Shadow Chancellor Mel Stride said of the gilts sell-off: ‘This is what happens when you spend and borrow like there’s no tomorrow.’
Simon French, chief economist at City broker Panmure Liberum, said a ‘moron premium’ on borrowing – a term first used to describe bond market reaction to Liz Truss’s disastrous 2022 mini-Budget – had made a comeback since Ms Reeves’ Spring Statement.
‘Bond market pricing suggests UK fiscal policy is drifting without an anchor,’ Mr French said.
The gilt moves yesterday partly reflected wider global bond market jitters.
But they also represented a less than favourable verdict on Labour’s reported decision to bring in Left-wing pensions minister Torsten Bell to help write the Budget.
Julian Jessop, economics fellow at the Institute of Economic Affairs, a free market think-tank, said markets were ‘not thrilled’ about Mr Bell having a bigger say ‘presumably because this makes spending cuts even less likely’.
The Chancellor is dependent on investors who finance Britain’s borrowing by buying gilts – but are now worried about her ability to balance the books as forecasts suggest she faces a financial black hole of up to £50billion.
And on Friday, ratings agency Fitch sounded the alarm over the success of Labour backbenchers recently in derailing welfare reforms and winter fuel payment cuts – which it said had increased the risks of her failing to make the sums add up.
Leading economists warned over the weekend that Ms Reeves could be on course to follow in the footsteps of a previous Labour Chancellor, Denis Healey, who was forced to go cap in hand to the International Monetary Fund in 1976.
Ms Reeves looks increasingly likely to respond to the pressure by staging a mammoth tax raid.

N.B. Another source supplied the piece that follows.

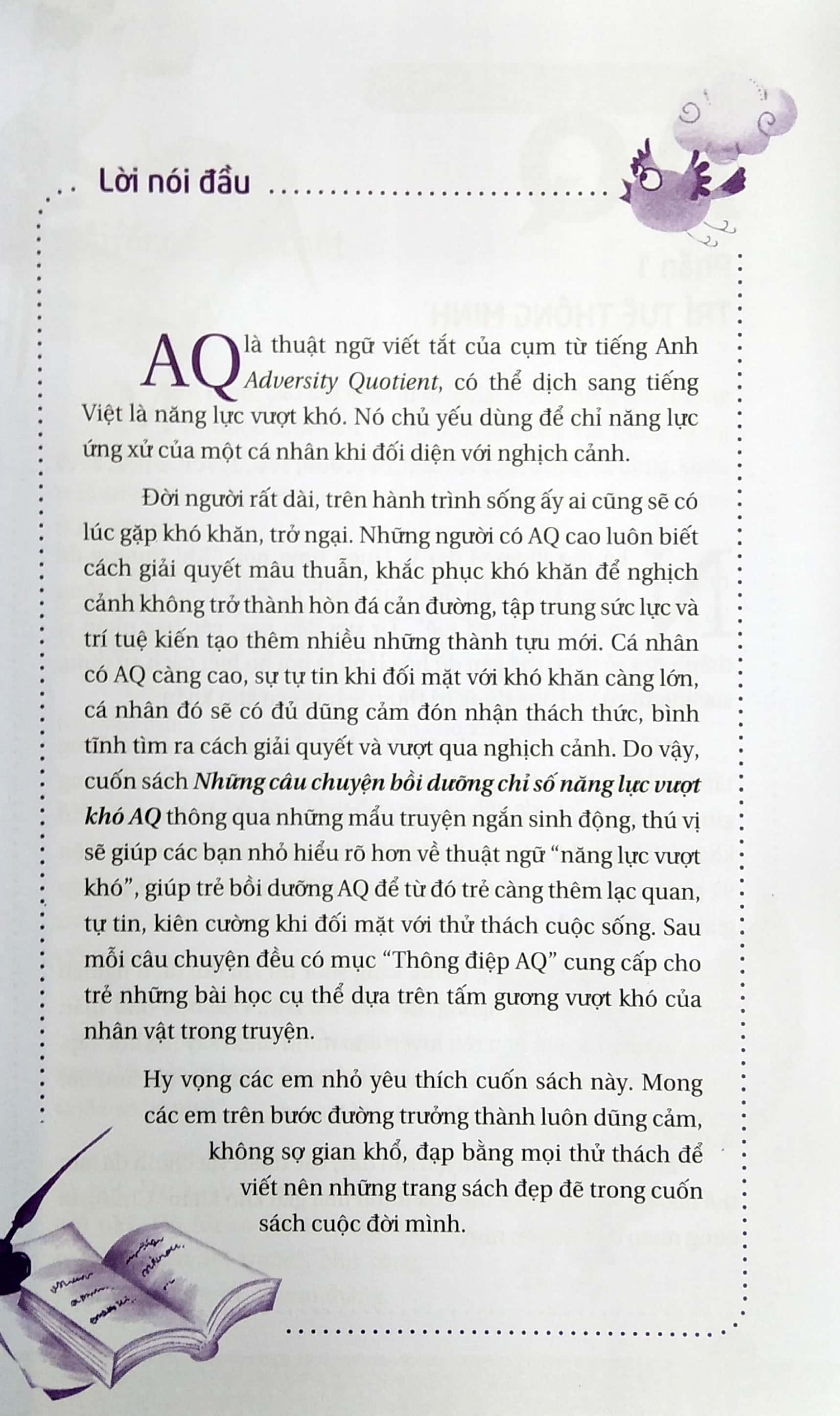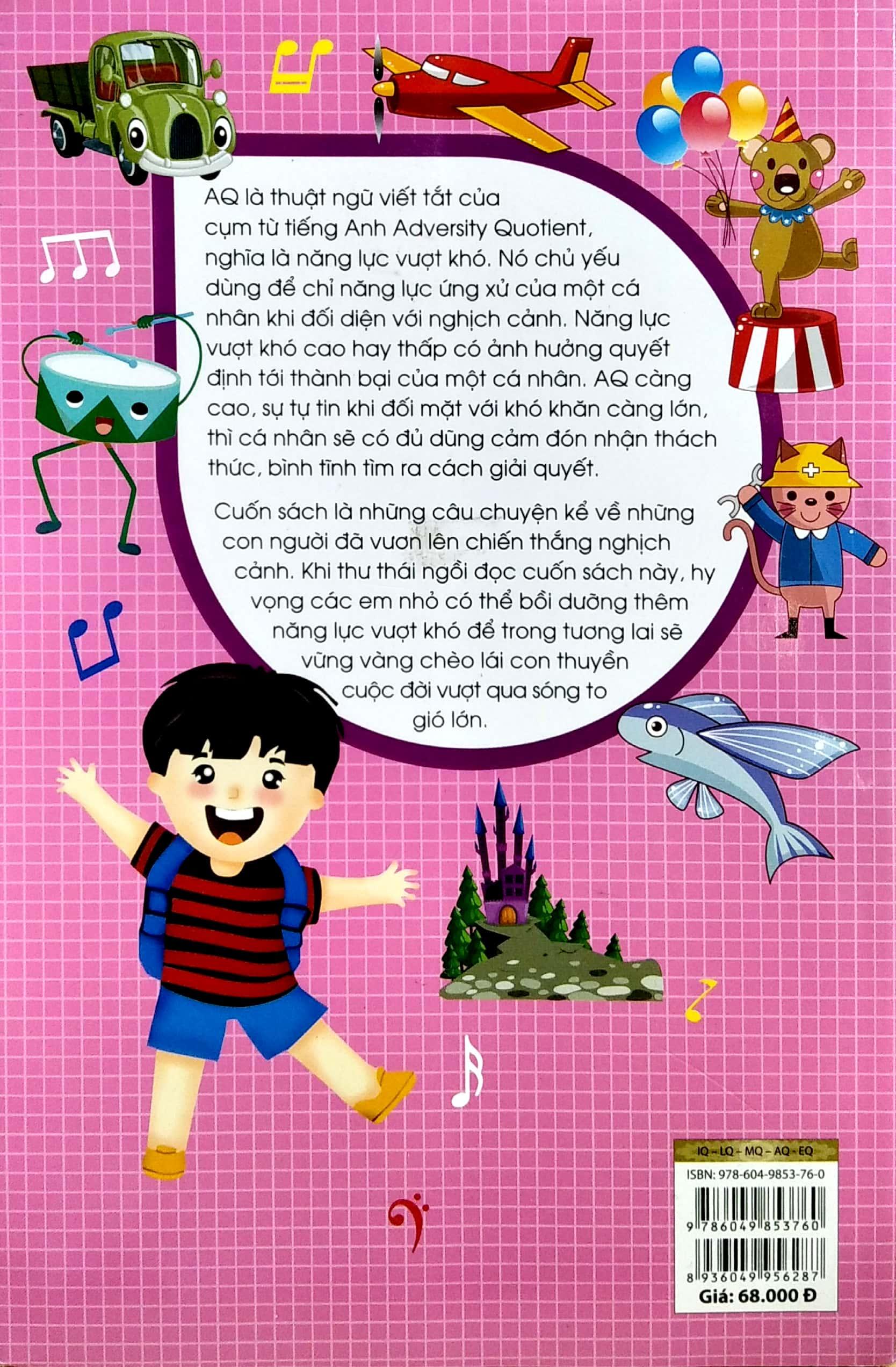 AQ là thuật ngữ viết tắt của cụm từ tiếng Anh Adversity Quotient, nghĩa là năng lực vượt khó. Nó chủ yếu dùng để chỉ năng lực ứng xử của một cá nhân khi đối diện với nghịch cảnh. Năng lực vượt khó cao hay thấp có ảnh hương quyết định tới thành bại của một cá nhân. AQ càng cao, sự tự tin khi đối mặt với khó khăn càng lớn, thì cá nhân sẽ có đủ dũng cảm đón nhận thách thức, bình tĩnh tìm ra cách giải quyết.Cuốn sách là những câu chuyện kể về những con người đã vươn lên chiến thắng nghịch cảnh. Khi thư thái ngồi đọc cuốn sách này, hy vọng các em nhỏ có thể bồi dưỡng thêm năng lực vượt khó để trong tương lai sẽ vừng vàng chèo lái con thuyền cuộc đời vượt qua sóng to gió lớn.

Speculation suggests the Chancellor could target pensions, property sales, or inheritance tax – or hike taxes for hard-working families by stealth by freezing income tax thresholds.
But critics say that risks doing even more damage and Labour must instead make cuts.
Tory business spokesman Andrew Griffith said the latest increase in gilt yields showed that ‘Labour’s reckless spending is hammering taxpayers’.
He added: ‘Every time this rate goes up, it’s an even heavier burden on the shoulders of the next generation. We’ve got a huge problem on our hands, and cutting spending is the only way to solve it.’
The fear is that further tax hikes could add to the damage already done by the Chancellor in her previous Budget, when she announced a £25billion raid on employer national insurance.
That has made it more expensive for employers to hire – especially affecting low-paid or part-time staff – and been blamed for a rise in unemployment.
Yesterday, analysts at Deutsche Bank said the stage was set for what had been a brighter period for the jobs market to come to an end.
‘The end of 2024 and early 2025 are likely to have been a sweet spot with real wage growth set to slow and fear of unemployment set to build from here,’ they said.
Deutsche’s experts said that consumer confidence appeared to ‘remain subdued’ and that according to its ‘fear index’ of economic indicators ‘things may be getting worse’.
That helped send UK retail shares sliding, with Primark owner Associated British Foods down 4 per cent, B&Q owner Kingfisher off by 4.3 per cent and Wickes by 8.6 per cent.
The FTSE 100 index of leading stocks retreated from a record closing high seen last week, falling by 55.6 points or 0.6 per cent.